Not many "outsiders" have any first-hand experience of the real nature of the Maoist movement in the forest. A recent interview with one of its top leaders, Comrade Ganapathy, in Open magazine, didn't do much to change the minds of those who view the Maoists as a party with an unforgiving, totalitarian vision, which countenances no dissent whatsoever. Comrade Ganapathy said nothing that would persuade people that, were the Maoists ever to come to power, they would be equipped to properly address the almost insane diversity of India's caste-ridden society. His casual approval of the Liberation Tigers of Tamil Eelam (LTTE) of Sri Lanka was enough to send a shiver down even the most sympathetic of spines, not just because of the brutal ways in which the LTTE chose to wage its war, but also because of the cataclysmic tragedy that has befallen the Tamil people of Sri Lanka, who it claimed to represent, and for whom it surely must take some responsibility.

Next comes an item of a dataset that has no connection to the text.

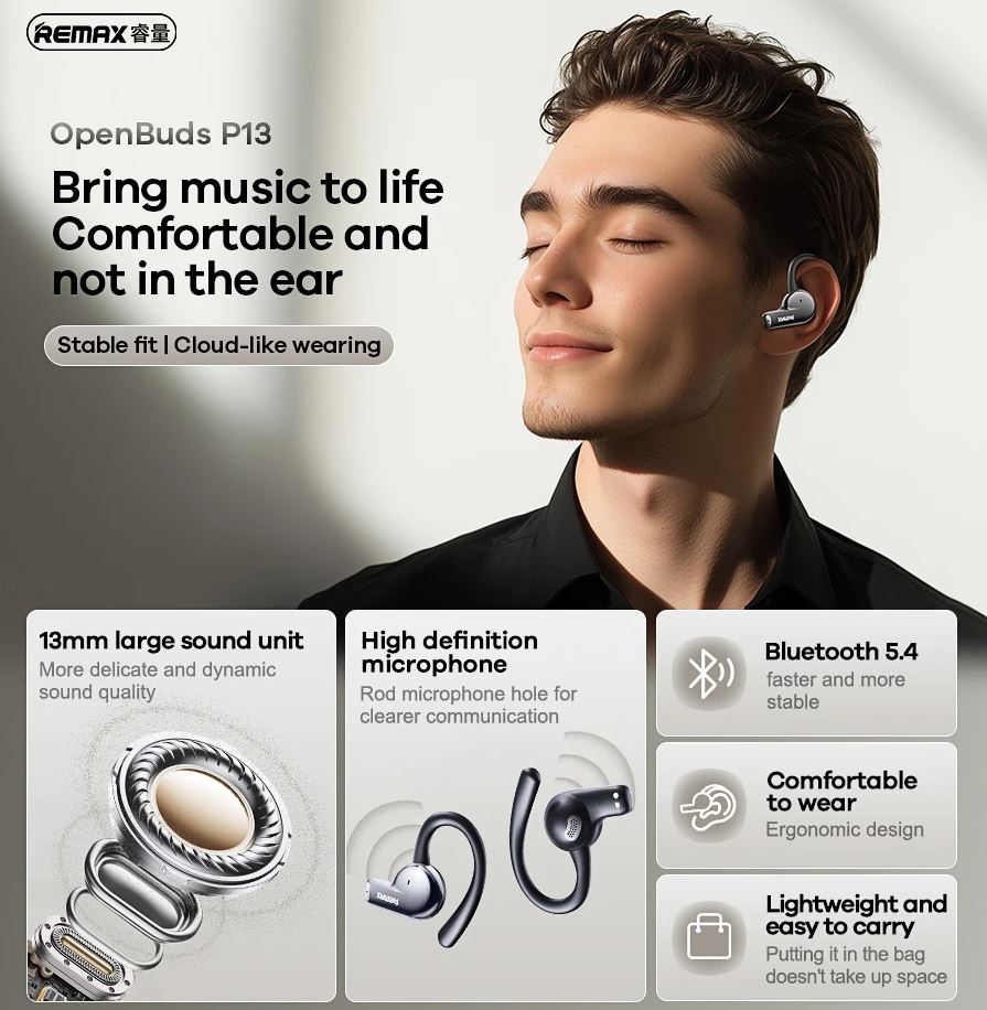 Ανακαλύψτε τα Remax OpenBuds, τα ασύρματα ακουστικά που συνδυάζουν προηγμένη τεχνολογία Bluetooth 5.4 με εργονομικό σχεδιασμό ανοιχτού τύπου για πραγματική ελευθερία κινήσεων και άνεση όλη μέρα.

Right now in central India, the Maoists' guerrilla army is made up almost entirely of desperately poor tribal people living in conditions of such chronic hunger that it verges on famine of the kind we only associate with sub-Saharan Africa. They are people who, even after 60 years of India's so-called independence, have not had access to education, healthcare or legal redress. They are people who have been mercilessly exploited for decades, consistently cheated by small businessmen and moneylenders, the women raped as a matter of right by police and forest department personnel. Their journey back to a semblance of dignity is due in large part to the Maoist cadre who have lived and worked and fought by their side for decades.